Opinion By: Gregory D. Stumbo,Attorney General;James M. Ringo,Assistant Attorney General

Open Records Decision

The question presented in this appeal is whether the Jefferson County Public Schools (JCPS) violated the Open Records Act in the disposition of Rita J. Ward's series of open records requests for information regarding the number of students who were enrolled at some time in the Buechel and Breckinridge Metropolitan High Schools during the 2003-2004 school year. For the reasons that follow, we conclude that the JCPS was neither required to compile information to meet the parameters of Ms. Ward's request nor to reformat its database to retrieve the information. In the alternative, the JCPS was required to provide Ms. Ward with a copy of its existing database after information for which statutory protection exists was properly redacted.
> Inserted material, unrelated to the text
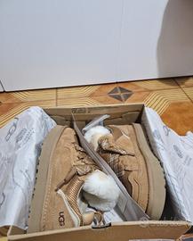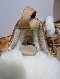 Le scarpe sono nuove di zecca, mai state indossate neanche per prova (come visibile anche dalla suola immacolata e dalla pelliccia perfettamente bianca e vaporosa). Dettagli Chiave: Marca: UGG Modello: Lowmel (il modello sneaker/stivaletto stringato di tendenza) Colore: Chestnut (pelle scamosciata marrone classico) Taglia: 37 (EU/IT) Dettagli: La tomaia è in pelle scamosciata di alta qualità con inserti in tessuto balistico intrecciato e robusti lacci coordinati. Il colletto e la linguetta sono rivestiti in morbida pelliccia sintetica bianca, per il massimo comfort e un look inconfondibile. Suola platform ammortizzata e rialzata. Incluso nella Confezione: Le scarpe vengono vendute complete di tutto, esattamente come mostrato in foto: Scatola originale UGG in cartone riciclato (con etichetta e codici visibili). Carta velina protettiva personalizzata UGG. Incarti cartacei informativi originali. Il cartellino di garanzia è posizionato all'interno della scatola. Sono perfette per l'autunno e l'inverno, un'ottima opportunità per acquistare un modello molto richiesto a un prezzo competitivo.

The initial requests and agency responses at issue in this appeal can be summarized by the August 6, 2004 response of Lauren E. Roberts, Public Information Officer, JCPS. In her response to Ms. Ward, she advised:

I am writing in response to your August 2, 2004 letter concerning Breckinridge and Buechel Metropolitan High Schools. Please be advised as follows:

. In item # 1 of your July 14, 2004, Open Records Request, you requested the "total number of students who went to Breckinridge Metropolitan High School at some time during the 2003-04 school year (except those in the GED program)." Our response dated July 20, 2004, stated that 110 students attended Breckinridge during the 2003-04 school year. This was the enrollment as of May 24, 2004.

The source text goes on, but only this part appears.